Sucesos y comentarios como estos ocurrían con frecuencia en los albores del siglo pasado. Eran los tiempos de las vanguardias en Europa, y poco después en América, y en los que las abiertas hostilidades en su contra estaban a la orden del día, siendo los artistas alemanes los que en las décadas de los 20 a los 40 se llevaron acaso la peor parte, primero a causa del ambiente asfixiante y estéticamente conservador en el que se desenvolvían, y luego por la feroz y vesánica persecución política que se verificara con el surgimiento del nazismo en Alemania. Por tal razón, la muestra “Estaciones de lo moderno”, que hace un tiempo pudo apreciar en Berlín y que abarcaba los años comprendidos entre 1910 y 1970, ha sido tal vez una de las más significativas en el Viejo Mundo.
Kandinsky, Chagall y Klee
En aquella exposición había veinte muestras que hicieron época. Algunas de las muchísimas obras presentadas no se veían desde ese entonces, celosamente custodiadas como estaban en colecciones privadas europeas y americanas.

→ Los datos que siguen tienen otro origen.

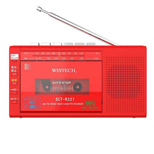 【WINTECH MicroSD/USB録音対応モノラルラジカセ デジタル録音対応 レッド SCT-R227RZの商品詳細】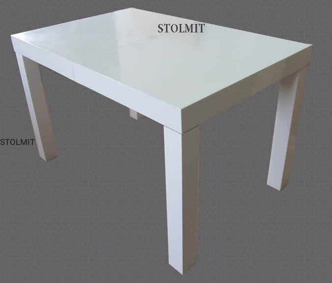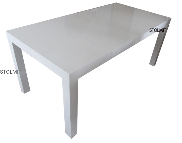 Masywny stół wykonany z drewna i płyty meblowej lakierowany i polerowany na wysoki połysk - high gloss. Blat jest w całości lub rozsuwa się na solidnych prowadnicach stopniowo o jeden lub dwa wkłady powiększające. Stół lakierowany jest w połysku lakierem z filtrami UV odcień zimnej bieli.

Pero una buena parte de las obras originales por desgracia se han perdido: o bien destruidas por la iconoclasia nazi o por los bombardeos de 1945, aunque simplemente habrían desaparecido como por ventura o maldición. El esfuerzo filológico-arqueológico de Joern Merkert y Ursula Prinz, entre otros curadores, permitió superar grandes problemas de documentación y reconstruir el itinerario de las obras en distintos países.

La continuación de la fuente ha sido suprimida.